Academy of Arts and Design, Tsinghua University, Beijing, China.
The Future Laboratory, Tsinghua University, Beijing, China.
PLoS One. 2020 Apr 17;15(4):e0230706. doi: 10.1371/journal.pone.0230706. eCollection 2020.
Intensive care data are valuable for improvement of health care, policy making and many other purposes. Vast amount of such data are stored in different locations, on many different devices and in different data silos. Sharing data among different sources is a big challenge due to regulatory, operational and security reasons. One potential solution is federated machine learning, which is a method that sends machine learning algorithms simultaneously to all data sources, trains models in each source and aggregates the learned models. This strategy allows utilization of valuable data without moving them. One challenge in applying federated machine learning is the possibly different distributions of data from diverse sources. To tackle this problem, we proposed an adaptive boosting method named LoAdaBoost that increases the efficiency of federated machine learning. Using intensive care unit data from hospitals, we investigated the performance of learning in IID and non-IID data distribution scenarios, and showed that the proposed LoAdaBoost method achieved higher predictive accuracy with lower computational complexity than the baseline method.
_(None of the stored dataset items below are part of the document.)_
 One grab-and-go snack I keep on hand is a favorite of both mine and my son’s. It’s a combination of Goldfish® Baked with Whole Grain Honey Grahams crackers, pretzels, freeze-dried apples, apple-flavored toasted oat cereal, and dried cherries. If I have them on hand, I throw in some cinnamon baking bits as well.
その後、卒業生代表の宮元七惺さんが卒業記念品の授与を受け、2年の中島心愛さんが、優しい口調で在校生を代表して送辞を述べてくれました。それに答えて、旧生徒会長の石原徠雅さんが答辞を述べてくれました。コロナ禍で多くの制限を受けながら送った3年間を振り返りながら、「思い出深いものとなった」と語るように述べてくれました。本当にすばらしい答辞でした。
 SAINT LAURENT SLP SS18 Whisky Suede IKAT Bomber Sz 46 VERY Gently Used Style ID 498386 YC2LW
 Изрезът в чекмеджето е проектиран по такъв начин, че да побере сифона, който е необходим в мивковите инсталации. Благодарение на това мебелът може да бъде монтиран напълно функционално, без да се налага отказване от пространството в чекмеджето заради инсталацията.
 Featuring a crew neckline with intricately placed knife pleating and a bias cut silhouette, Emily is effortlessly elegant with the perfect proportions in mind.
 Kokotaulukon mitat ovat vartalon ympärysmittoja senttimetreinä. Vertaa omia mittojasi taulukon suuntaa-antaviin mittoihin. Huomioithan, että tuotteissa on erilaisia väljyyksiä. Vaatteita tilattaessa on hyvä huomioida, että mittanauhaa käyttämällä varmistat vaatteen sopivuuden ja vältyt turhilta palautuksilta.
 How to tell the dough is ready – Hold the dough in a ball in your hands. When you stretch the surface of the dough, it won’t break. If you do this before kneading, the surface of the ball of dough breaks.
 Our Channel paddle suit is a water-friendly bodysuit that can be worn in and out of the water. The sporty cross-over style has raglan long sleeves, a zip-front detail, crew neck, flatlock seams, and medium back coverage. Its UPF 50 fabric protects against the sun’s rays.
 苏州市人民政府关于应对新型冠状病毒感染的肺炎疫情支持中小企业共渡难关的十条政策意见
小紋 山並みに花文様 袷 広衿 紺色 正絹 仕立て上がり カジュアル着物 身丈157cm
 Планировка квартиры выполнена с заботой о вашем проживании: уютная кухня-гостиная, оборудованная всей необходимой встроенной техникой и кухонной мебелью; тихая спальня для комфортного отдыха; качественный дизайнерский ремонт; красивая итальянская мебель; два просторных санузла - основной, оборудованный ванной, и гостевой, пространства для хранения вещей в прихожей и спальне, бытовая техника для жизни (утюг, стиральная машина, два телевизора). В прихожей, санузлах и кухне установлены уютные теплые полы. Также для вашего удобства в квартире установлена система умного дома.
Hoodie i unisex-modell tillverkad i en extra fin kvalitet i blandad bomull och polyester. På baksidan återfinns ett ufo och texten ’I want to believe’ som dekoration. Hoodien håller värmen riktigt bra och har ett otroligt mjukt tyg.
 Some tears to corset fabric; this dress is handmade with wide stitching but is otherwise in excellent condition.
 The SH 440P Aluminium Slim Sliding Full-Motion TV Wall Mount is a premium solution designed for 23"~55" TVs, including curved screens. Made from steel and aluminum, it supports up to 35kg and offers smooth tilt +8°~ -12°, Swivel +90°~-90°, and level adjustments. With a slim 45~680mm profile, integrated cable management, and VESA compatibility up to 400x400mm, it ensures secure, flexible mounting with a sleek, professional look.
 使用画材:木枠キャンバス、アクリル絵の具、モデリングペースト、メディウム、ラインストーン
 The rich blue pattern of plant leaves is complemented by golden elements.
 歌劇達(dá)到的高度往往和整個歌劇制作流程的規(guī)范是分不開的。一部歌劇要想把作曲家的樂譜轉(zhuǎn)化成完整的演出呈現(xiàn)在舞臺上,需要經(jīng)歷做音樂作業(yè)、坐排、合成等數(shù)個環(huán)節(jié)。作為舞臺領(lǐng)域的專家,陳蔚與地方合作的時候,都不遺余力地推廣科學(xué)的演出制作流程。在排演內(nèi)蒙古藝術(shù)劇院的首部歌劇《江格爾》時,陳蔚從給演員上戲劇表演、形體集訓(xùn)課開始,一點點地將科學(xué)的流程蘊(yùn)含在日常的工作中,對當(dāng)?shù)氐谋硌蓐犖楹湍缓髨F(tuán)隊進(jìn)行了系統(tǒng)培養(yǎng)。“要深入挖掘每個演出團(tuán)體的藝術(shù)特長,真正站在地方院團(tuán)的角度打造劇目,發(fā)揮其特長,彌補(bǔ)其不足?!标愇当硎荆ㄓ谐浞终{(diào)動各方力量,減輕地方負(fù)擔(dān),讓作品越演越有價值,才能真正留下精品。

重症监护数据对于改善医疗保健、制定政策和许多其他目的都非常有价值。大量此类数据存储在不同的位置,使用许多不同的设备和不同的数据孤岛中。由于监管、运营和安全原因,在不同来源之间共享数据是一项巨大的挑战。一种潜在的解决方案是联邦机器学习,这是一种将机器学习算法同时发送到所有数据源、在每个源中训练模型并聚合学习模型的方法。这种策略允许在不移动数据的情况下利用有价值的数据。在应用联邦机器学习时面临的一个挑战是来自不同来源的数据可能具有不同的分布。为了解决这个问题,我们提出了一种名为 LoAdaBoost 的自适应提升方法,该方法提高了联邦机器学习的效率。我们使用来自医院的重症监护单元数据,研究了在IID 和非 IID 数据分布场景下的学习性能,并表明与基线方法相比,所提出的 LoAdaBoost 方法在具有更低计算复杂度的情况下实现了更高的预测准确性。